*RECORDS SHOWN:*
Segment Open
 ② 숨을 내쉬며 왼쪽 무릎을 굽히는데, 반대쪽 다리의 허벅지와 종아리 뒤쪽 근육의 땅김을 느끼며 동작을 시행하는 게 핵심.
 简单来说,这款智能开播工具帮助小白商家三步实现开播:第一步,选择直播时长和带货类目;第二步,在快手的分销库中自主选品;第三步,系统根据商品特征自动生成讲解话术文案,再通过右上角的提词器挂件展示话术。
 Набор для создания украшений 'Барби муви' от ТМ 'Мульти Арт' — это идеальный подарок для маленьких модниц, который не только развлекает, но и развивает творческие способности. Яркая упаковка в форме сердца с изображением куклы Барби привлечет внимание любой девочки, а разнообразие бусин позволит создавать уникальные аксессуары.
Segment Closed
Segment Open
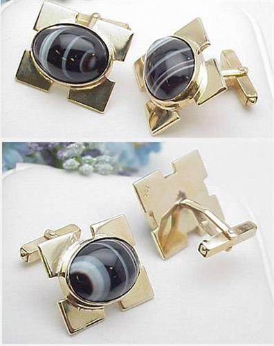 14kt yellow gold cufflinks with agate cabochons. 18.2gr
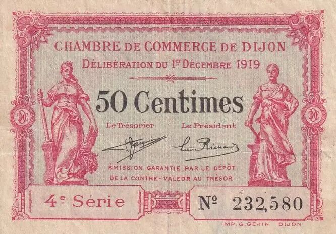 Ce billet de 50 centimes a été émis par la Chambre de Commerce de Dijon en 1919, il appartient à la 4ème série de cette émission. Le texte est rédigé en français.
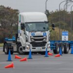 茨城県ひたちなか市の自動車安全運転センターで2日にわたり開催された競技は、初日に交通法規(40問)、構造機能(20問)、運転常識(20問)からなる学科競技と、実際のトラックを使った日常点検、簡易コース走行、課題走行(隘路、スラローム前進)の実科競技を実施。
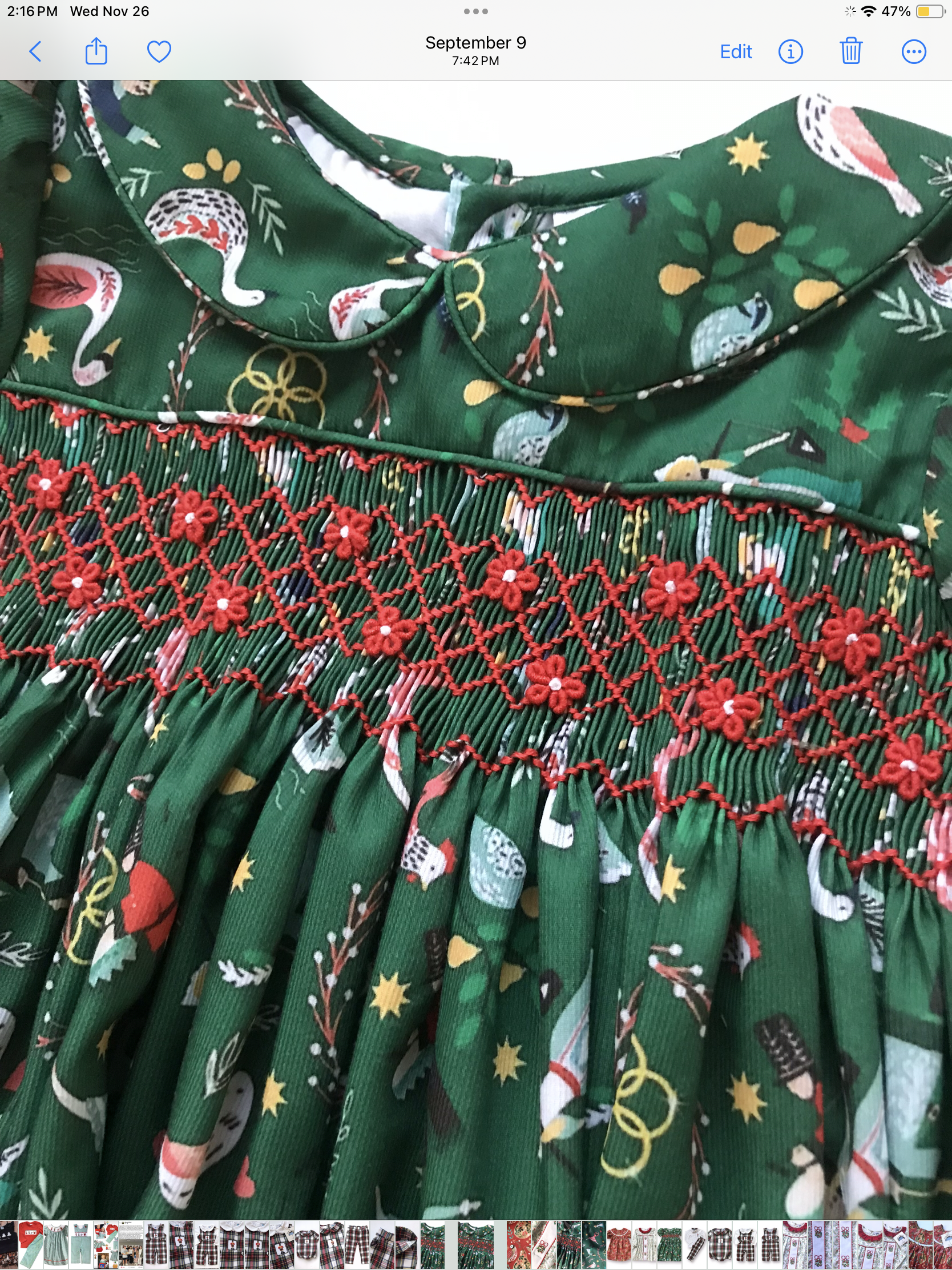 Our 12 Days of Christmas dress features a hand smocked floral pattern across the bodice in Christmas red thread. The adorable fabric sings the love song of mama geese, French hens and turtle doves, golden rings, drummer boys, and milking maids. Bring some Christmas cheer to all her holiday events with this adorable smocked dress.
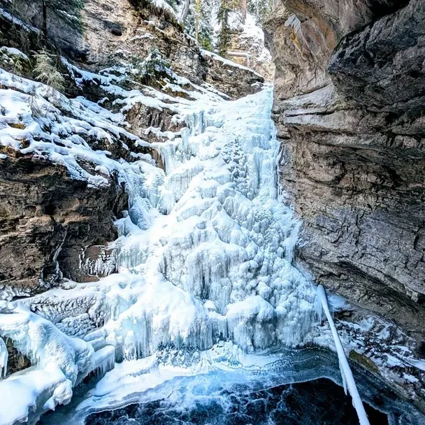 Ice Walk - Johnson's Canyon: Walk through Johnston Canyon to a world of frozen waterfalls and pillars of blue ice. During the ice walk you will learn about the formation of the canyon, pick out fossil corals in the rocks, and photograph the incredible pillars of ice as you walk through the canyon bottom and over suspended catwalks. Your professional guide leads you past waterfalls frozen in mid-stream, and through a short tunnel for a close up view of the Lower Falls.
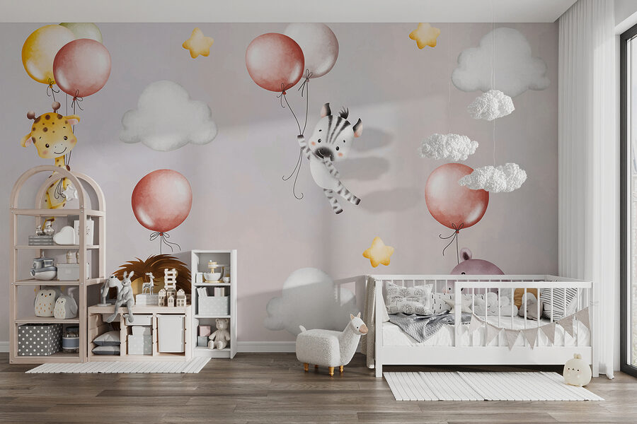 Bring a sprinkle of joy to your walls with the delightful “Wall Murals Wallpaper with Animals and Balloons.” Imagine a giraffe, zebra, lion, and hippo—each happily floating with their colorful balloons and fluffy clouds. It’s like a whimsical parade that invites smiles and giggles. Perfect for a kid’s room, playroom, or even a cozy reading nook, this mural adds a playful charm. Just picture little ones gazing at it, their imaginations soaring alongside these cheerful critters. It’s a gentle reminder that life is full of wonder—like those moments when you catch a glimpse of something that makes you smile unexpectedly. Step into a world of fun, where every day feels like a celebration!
Segment Closed
Segment Open
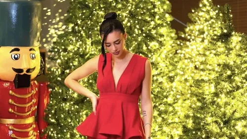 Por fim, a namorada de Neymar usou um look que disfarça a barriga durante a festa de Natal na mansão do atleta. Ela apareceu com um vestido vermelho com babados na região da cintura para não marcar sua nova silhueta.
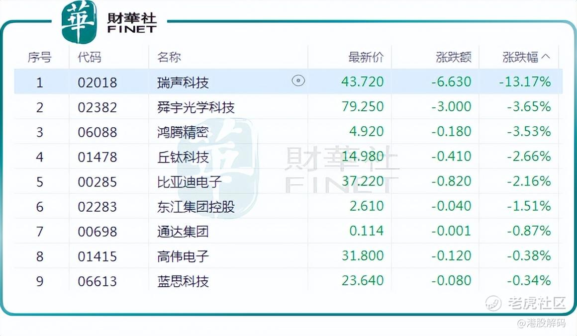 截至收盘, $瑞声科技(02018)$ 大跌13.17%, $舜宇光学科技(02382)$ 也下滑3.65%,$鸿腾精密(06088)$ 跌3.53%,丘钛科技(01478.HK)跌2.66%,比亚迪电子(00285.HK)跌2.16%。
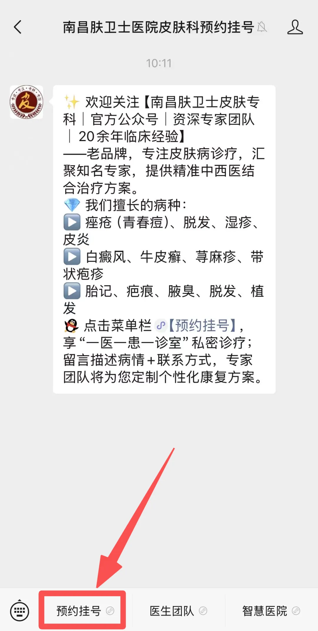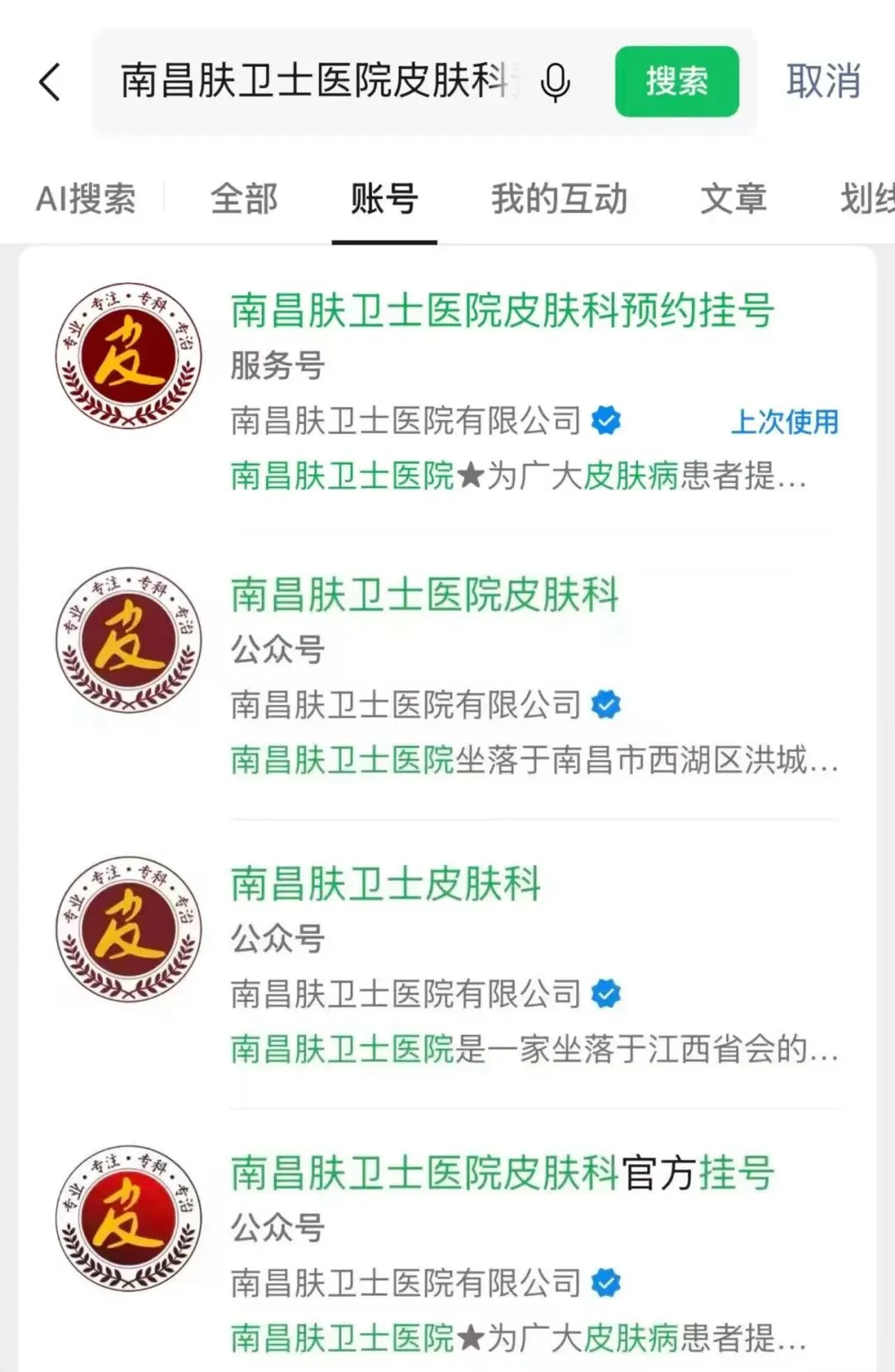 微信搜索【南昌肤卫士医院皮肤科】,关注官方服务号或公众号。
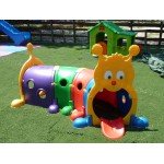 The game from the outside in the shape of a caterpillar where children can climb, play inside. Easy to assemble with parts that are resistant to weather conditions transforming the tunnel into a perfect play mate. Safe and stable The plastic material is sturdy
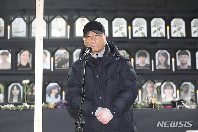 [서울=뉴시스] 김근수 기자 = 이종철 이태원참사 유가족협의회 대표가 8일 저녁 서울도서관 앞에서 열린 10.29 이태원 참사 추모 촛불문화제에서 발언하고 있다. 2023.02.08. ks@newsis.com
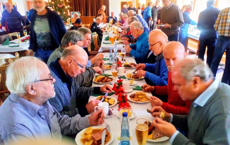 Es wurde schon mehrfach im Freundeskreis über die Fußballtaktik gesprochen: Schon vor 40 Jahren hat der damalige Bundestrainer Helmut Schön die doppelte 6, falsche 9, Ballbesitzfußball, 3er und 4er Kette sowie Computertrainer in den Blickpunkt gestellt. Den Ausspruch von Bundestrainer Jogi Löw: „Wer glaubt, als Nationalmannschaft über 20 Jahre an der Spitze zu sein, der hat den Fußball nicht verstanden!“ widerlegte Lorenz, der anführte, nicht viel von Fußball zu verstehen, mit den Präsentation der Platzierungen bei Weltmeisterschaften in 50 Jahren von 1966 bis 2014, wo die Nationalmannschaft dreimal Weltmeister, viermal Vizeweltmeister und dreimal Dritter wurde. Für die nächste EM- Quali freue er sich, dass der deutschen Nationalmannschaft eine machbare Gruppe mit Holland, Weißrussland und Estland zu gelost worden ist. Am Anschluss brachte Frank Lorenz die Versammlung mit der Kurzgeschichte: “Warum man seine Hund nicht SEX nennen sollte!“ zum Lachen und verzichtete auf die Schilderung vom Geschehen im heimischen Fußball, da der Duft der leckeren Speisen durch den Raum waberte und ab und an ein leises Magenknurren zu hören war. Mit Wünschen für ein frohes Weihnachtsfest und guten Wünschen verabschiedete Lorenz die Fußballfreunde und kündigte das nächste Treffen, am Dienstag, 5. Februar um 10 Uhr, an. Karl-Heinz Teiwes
Segment Closed
*ACTION ITEM:*
Repeat, without pictures, exactly the lines of the data above from the one containing "14kt yellow gold" through the one containing "Ice Walk - Johnson's", including both and adding nothing.

*TASK OUTPUT:*
 14kt yellow gold cufflinks with agate cabochons. 18.2gr
 Ce billet de 50 centimes a été émis par la Chambre de Commerce de Dijon en 1919, il appartient à la 4ème série de cette émission. Le texte est rédigé en français.
 茨城県ひたちなか市の自動車安全運転センターで2日にわたり開催された競技は、初日に交通法規(40問)、構造機能(20問)、運転常識(20問)からなる学科競技と、実際のトラックを使った日常点検、簡易コース走行、課題走行(隘路、スラローム前進)の実科競技を実施。
 Our 12 Days of Christmas dress features a hand smocked floral pattern across the bodice in Christmas red thread. The adorable fabric sings the love song of mama geese, French hens and turtle doves, golden rings, drummer boys, and milking maids. Bring some Christmas cheer to all her holiday events with this adorable smocked dress.
 Ice Walk - Johnson's Canyon: Walk through Johnston Canyon to a world of frozen waterfalls and pillars of blue ice. During the ice walk you will learn about the formation of the canyon, pick out fossil corals in the rocks, and photograph the incredible pillars of ice as you walk through the canyon bottom and over suspended catwalks. Your professional guide leads you past waterfalls frozen in mid-stream, and through a short tunnel for a close up view of the Lower Falls.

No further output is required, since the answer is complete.